The RBI's interventions have played a crucial role in stabilizing the rupee, making it one of the most stable Asian currencies. By actively managing the currency's value, the RBI has managed to keep the rupee's volatility to a minimum, as evidenced by its low 3-month implied volatility in Emerging Market (EM) Asia. This strategy, however, carries its own set of risks, as a sudden shift in policy could potentially lead to losses for traders. Greer emphasized that the attractiveness of the rupee does not stem from its potential for appreciation but from the favorable carry-to-volatility ratio that it offers to investors.
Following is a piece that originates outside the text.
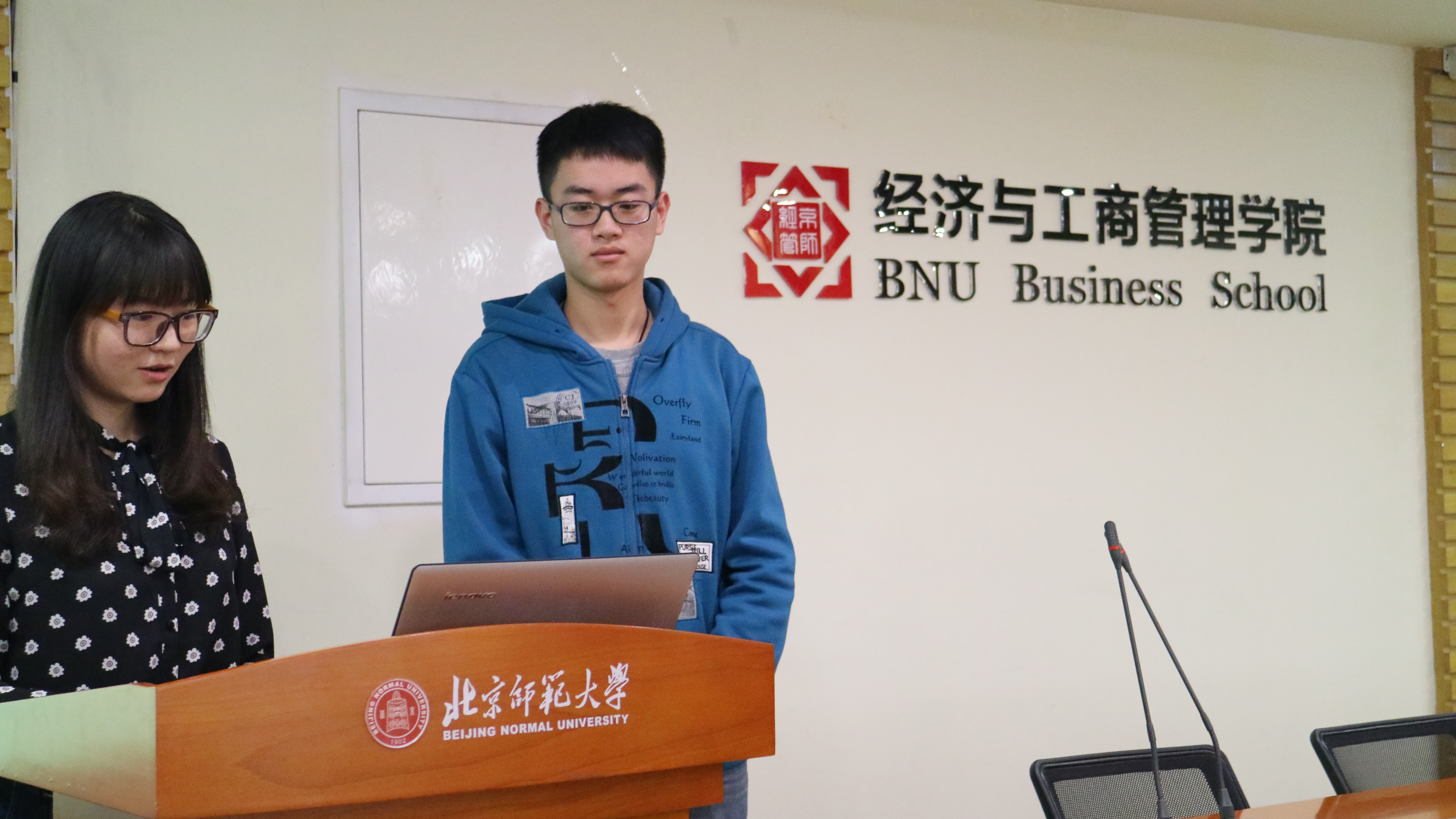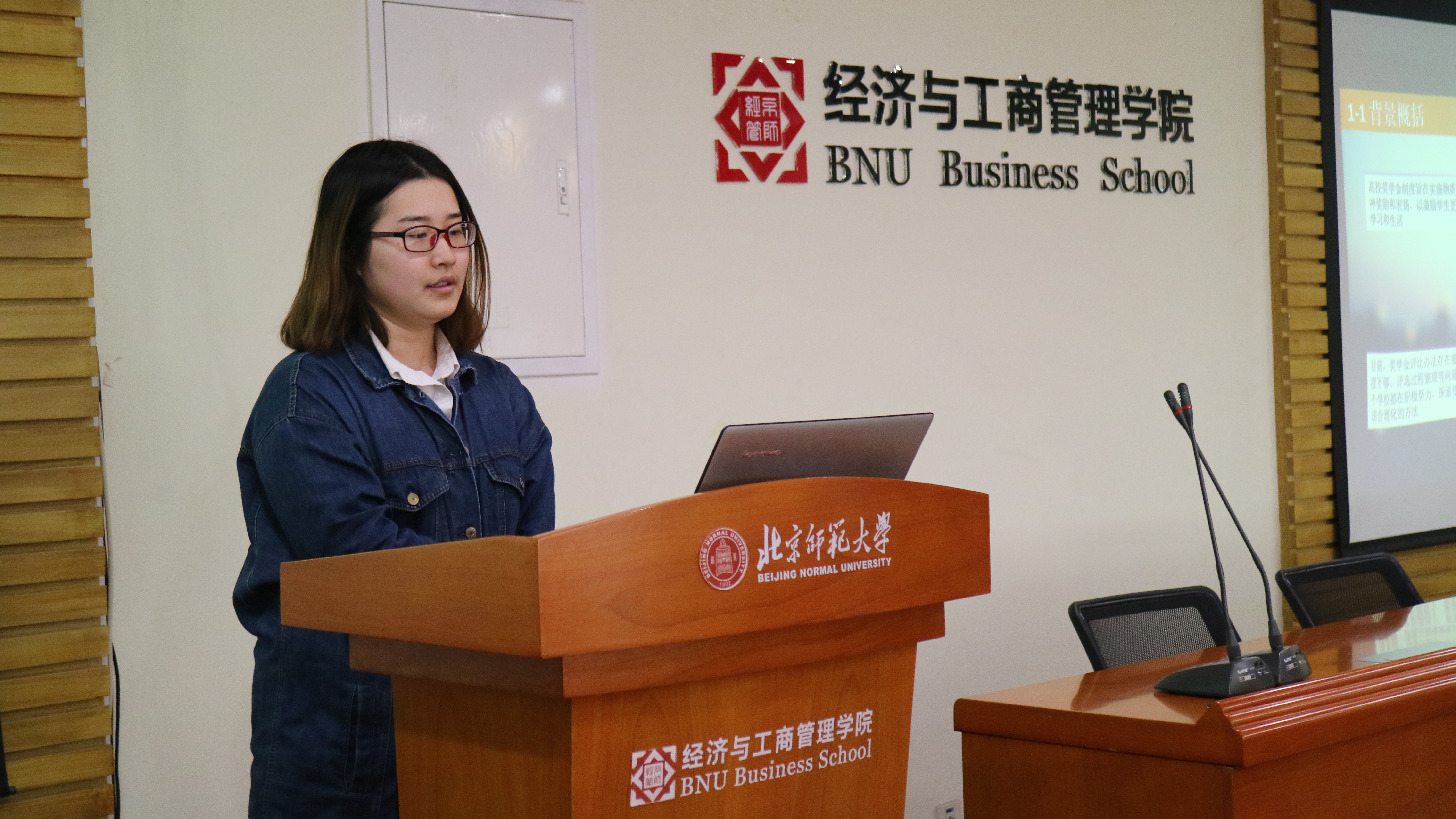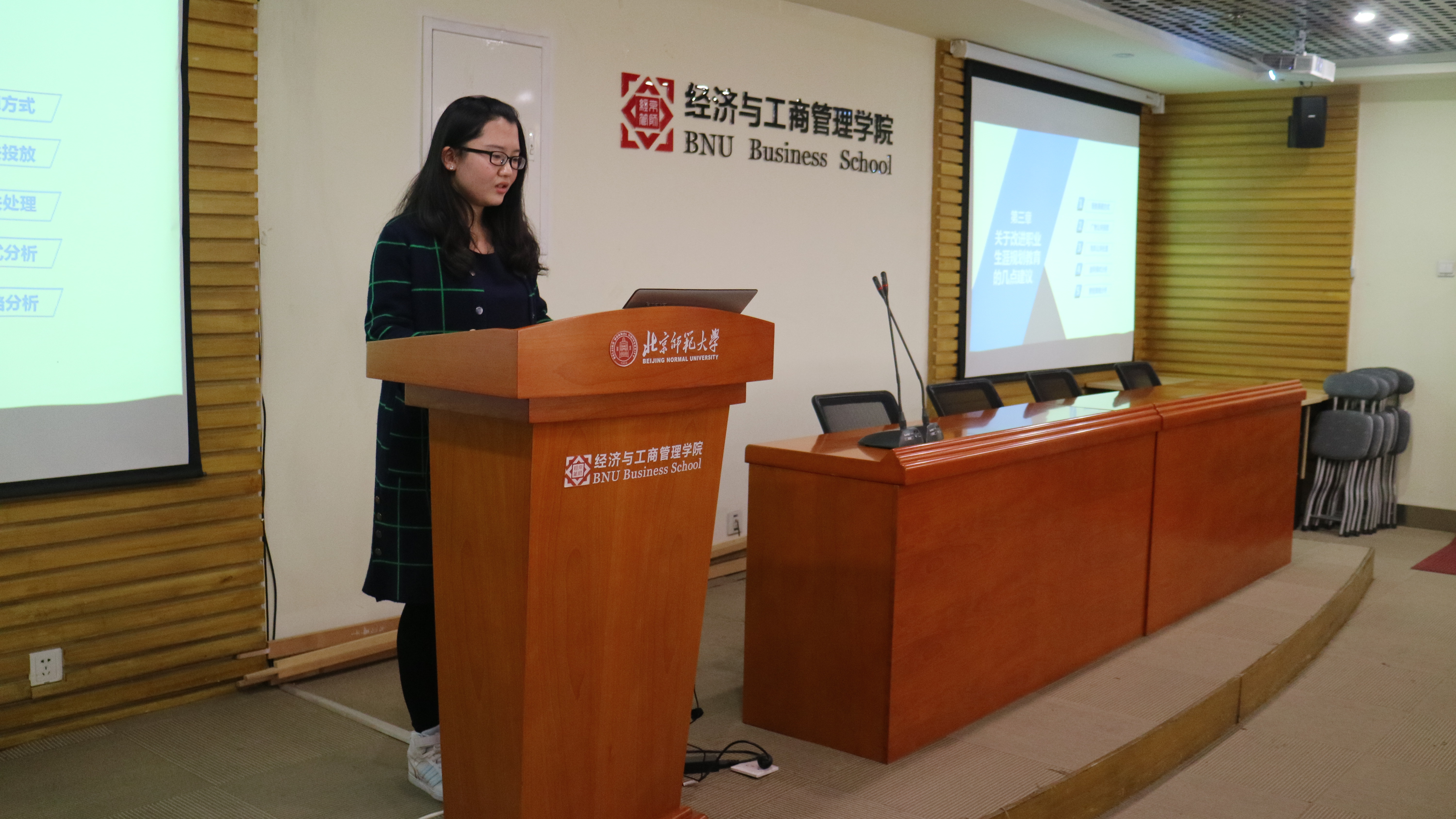 最后一位答辩的是郑家玮,研究的课题是本科生奖学金设置及评选方法合理化研究设计,她首先进行了背景概括,之后展示了研究内容,分析了难题及解决方案。接着说明了实践意义并给出了几点建议。最后陈家华提问了奖学金对大家的作用和去向,张惠琳根据报告提出了一些改进措施和意见。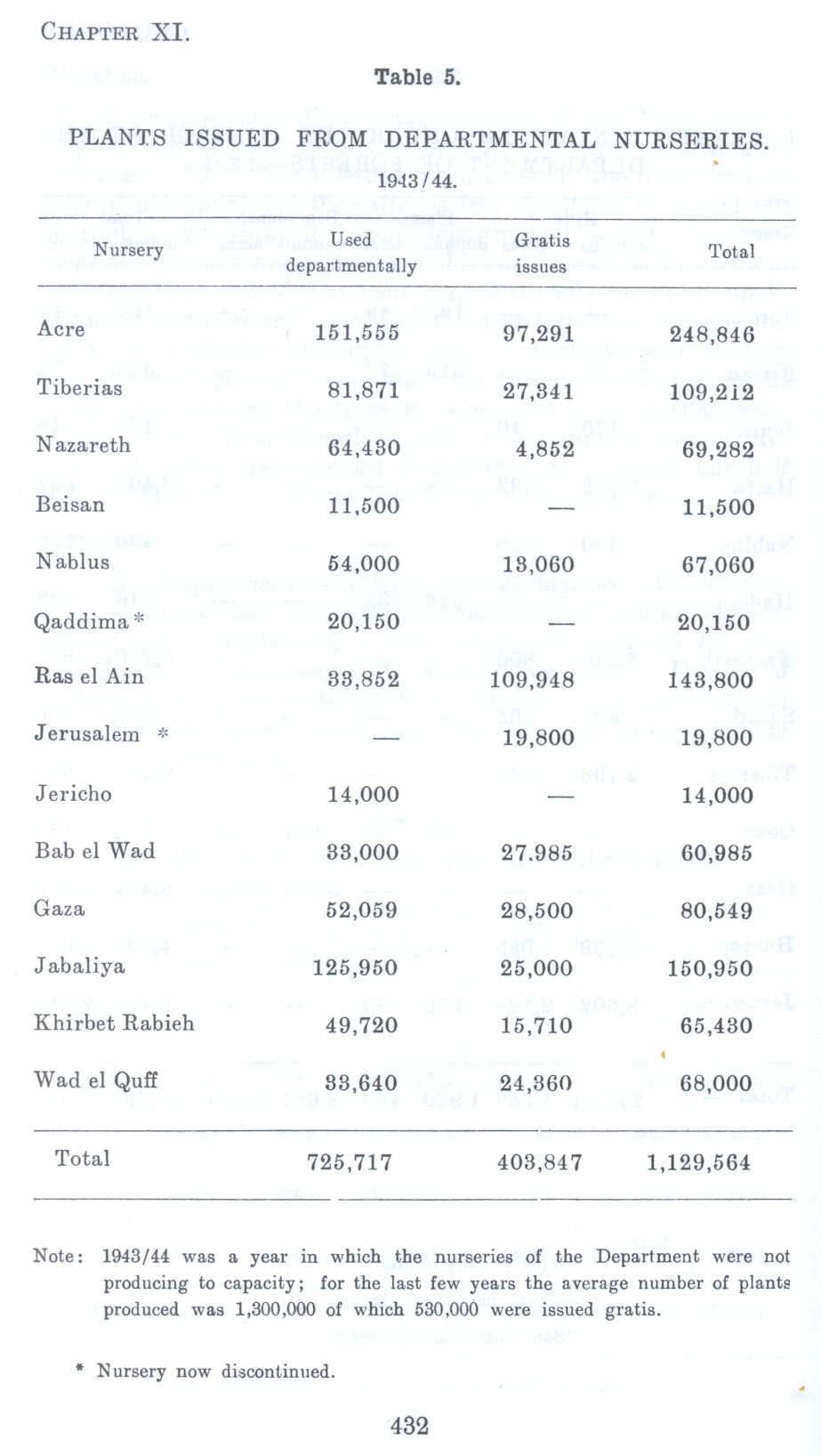 Note: 1943/44 was a year in which the nurseries of the Department were not producing to capacity; for the last few years the average number of plants produced was 1,300,000 of which 530,000 were issued gratis.

India's monetary policy, characterized by steady interest rates, contrasts with the easing policies of some Latin American countries, making it an appealing destination for overseas funds. The inclusion of Indian bonds in JPMorgan Chase & Co.’s global index is expected to drive significant foreign investment into the country. India's foreign exchange reserves, which are near a record high of $643 billion, provide the RBI with ample resources to intervene in the currency market as needed. The yield on India's benchmark 10-year bond, at approximately 7.20%, stands as the highest among major Asian markets, further enhancing the country's appeal to foreign investors seeking high returns.
"The rupee rewards investors with a high yield than regional peers, and together with low volatility, makes it arguably one of the most attractive currencies on the planet... Because RBI has been so tight on both sides of the range, the carry-to-volatility ratio is what many investors are attracted to."